→ Exercise requirements
Please, in the data that follows, copy exactly the lines from the line with "I first fell" through the last one, both included. Do not include pictures.

→ Information shown
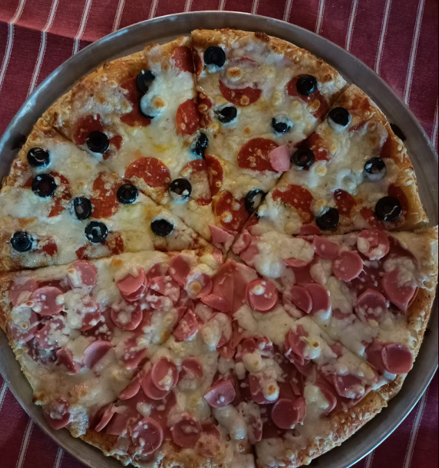 Jamón, pepperoni, champiñones y pimiento.
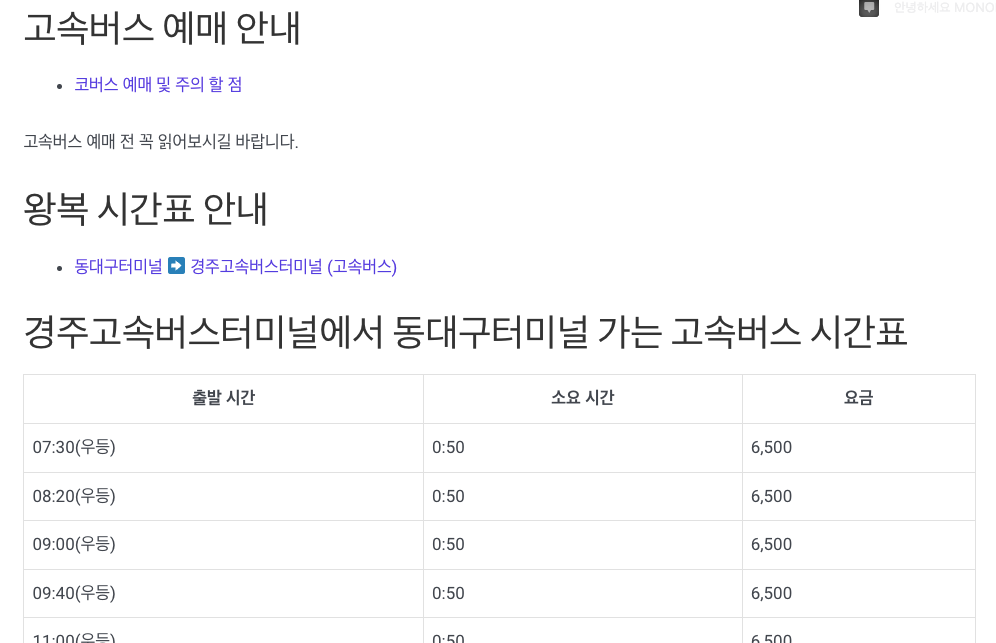 경주고속버스터미널 시간표 및 예매 - MONODANDI
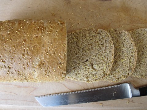I first fell in love with Sunflower Millet Bread when working at a natural food store in high school. This recipe is from The Greens Cookbook. Though it is almost completely based on whole wheat flour, it has a very open, light texture. The bread slices and toasts very well. I used the first loaf for egg sandwiches, then sliced and froze the second for breakfast toast in the coming weeks.
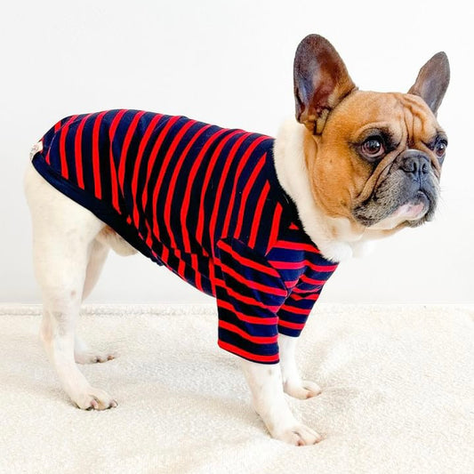 French Stripe Dog T-shirts - Navy & Red

→ Task result
I first fell in love with Sunflower Millet Bread when working at a natural food store in high school. This recipe is from The Greens Cookbook. Though it is almost completely based on whole wheat flour, it has a very open, light texture. The bread slices and toasts very well. I used the first loaf for egg sandwiches, then sliced and froze the second for breakfast toast in the coming weeks.
 French Stripe Dog T-shirts - Navy & Red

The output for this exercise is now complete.